Elevated few-shot network intrusion detection via self-attention mechanisms and iterative refinement

The network intrusion detection system (NIDS) plays a critical role in maintaining network security. However, traditional NIDS relies on a large volume of samples for training, which exhibits insufficient adaptability in rapidly changing network environments and complex attack methods, especially when facing novel and rare attacks. As attack strategies evolve, there is often a lack of sufficient samples to train models, making it difficult for traditional methods to respond quickly and effectively to new threats.
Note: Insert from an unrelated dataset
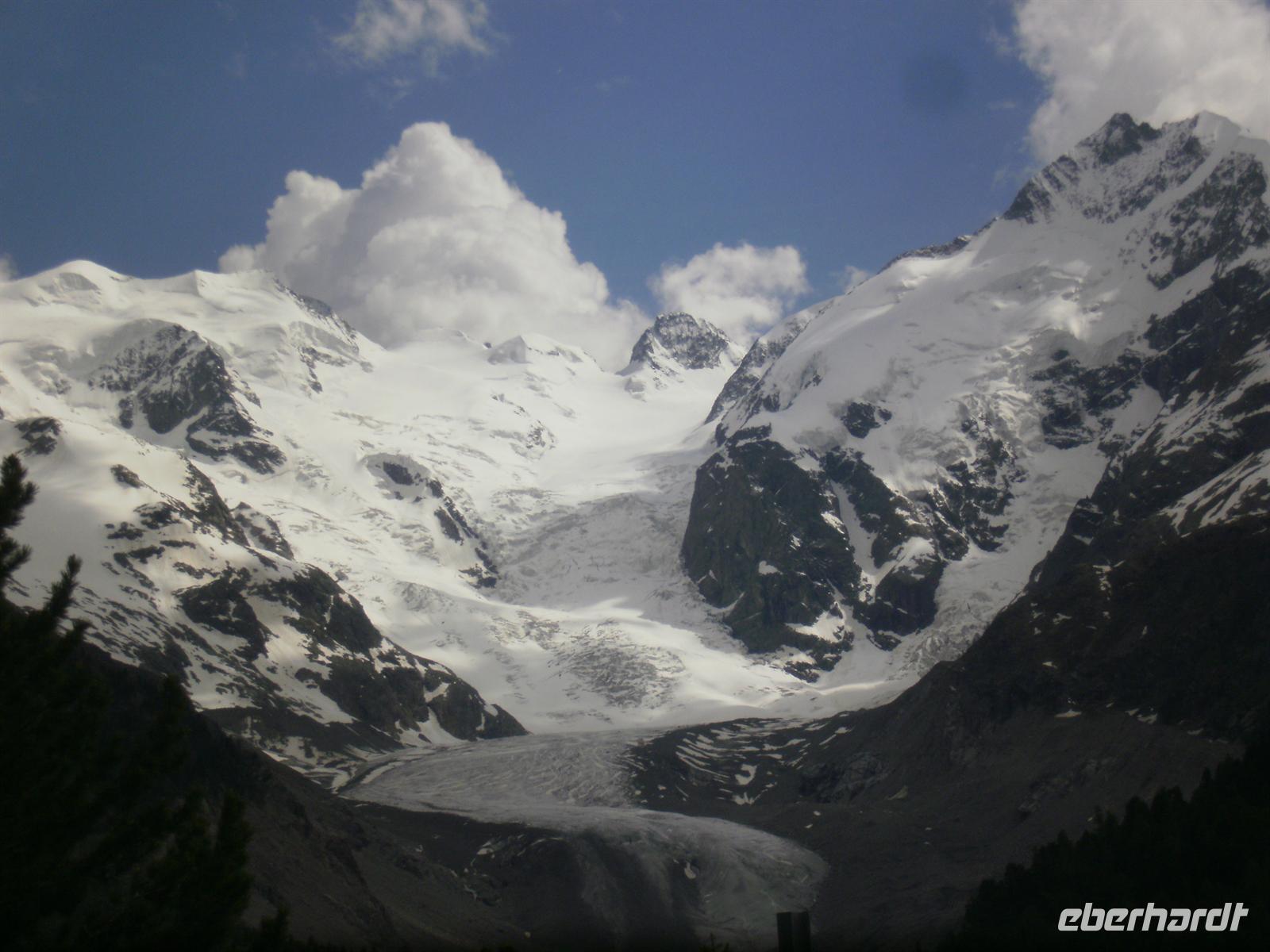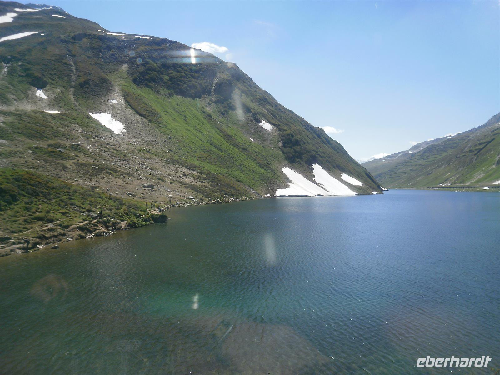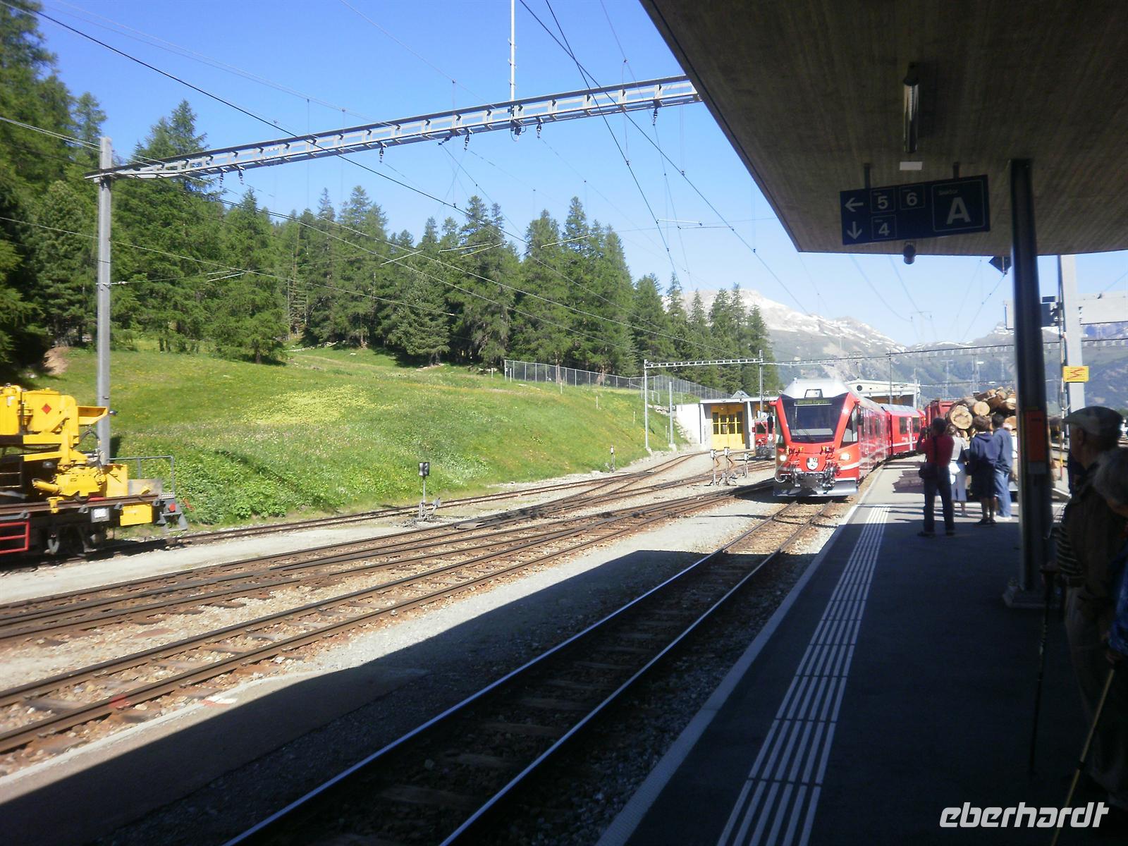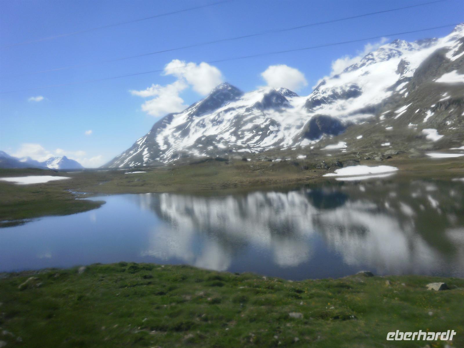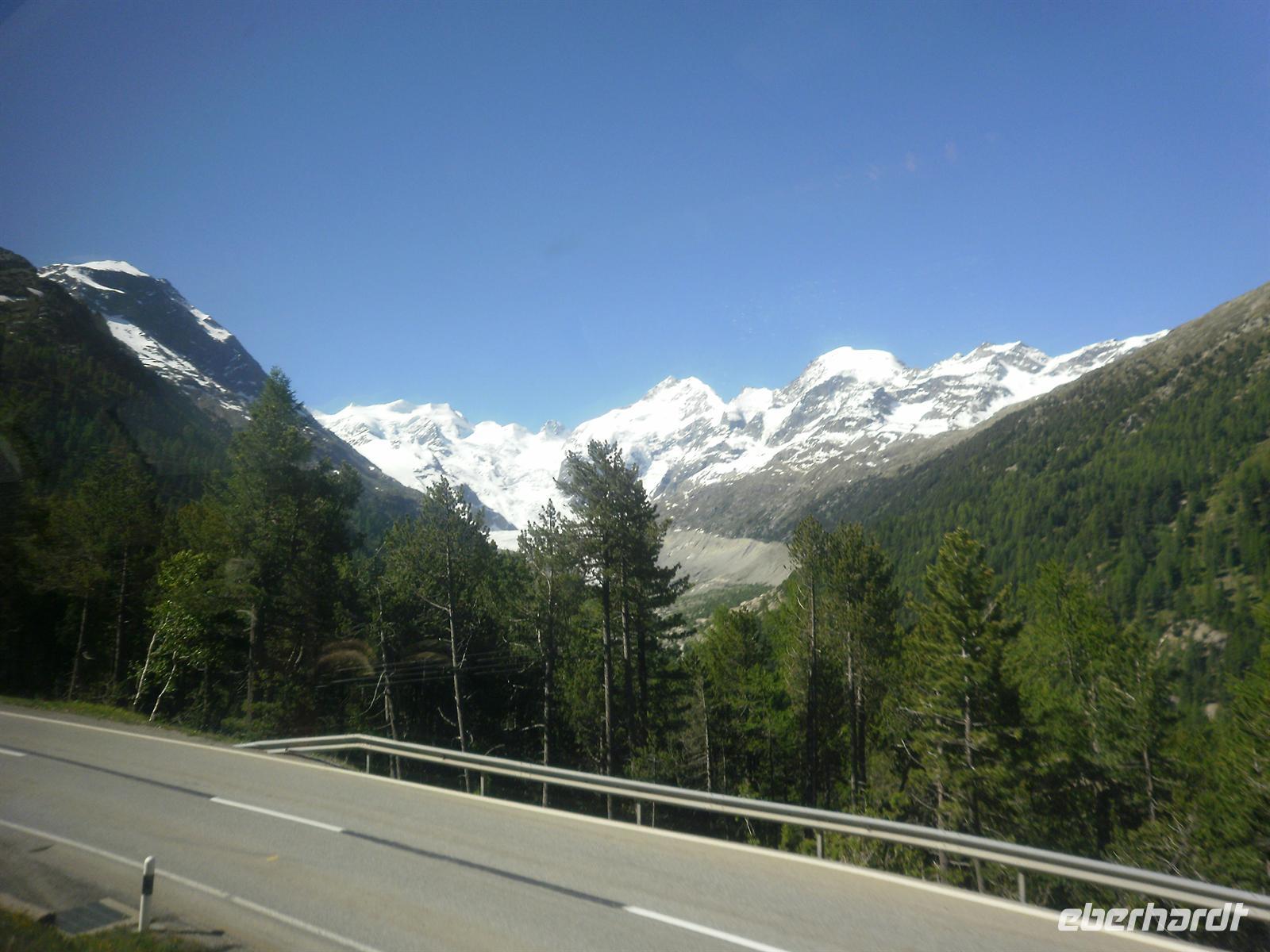 Heute stand bereits der erste Höhepunkt dieser Reise, die Fahrt mit dem Bernina-Express, auf dem Programm. Wir mussten dafür zwar zeitig aufstehen, aber das störte niemanden. Mit unserem Bus ging es über den 2.383 m hoch gelegenen Flüela-Pass nach Pontresina. Dort stiegen wir bei herrlichem Sonnenschein in den Bernina-Express ein.

Although existing few-shot network intrusion detection systems have begun to address sample scarcity, these systems often fail to effectively capture long-range dependencies within the network environment due to limited observational scope. To overcome these challenges, this paper proposes a novel elevated few-shot network intrusion detection method based on self-attention mechanisms and iterative refinement. This approach leverages the advantages of self-attention to effectively extract key features from network traffic and capture long-range dependencies. Additionally, the introduction of positional encoding ensures the temporal sequence of traffic is preserved during processing, enhancing the model's ability to capture temporal dynamics. By combining multiple update strategies in meta-learning, the model is initially trained on a general foundation during the training phase, followed by fine-tuning with few-shot data during the testing phase, significantly reducing sample dependency while improving the model's adaptability and prediction accuracy. Experimental results indicate that this method achieved detection rates of 99.90% and 98.23% on the CICIDS2017 and CICIDS2018 datasets, respectively, using only 10 samples.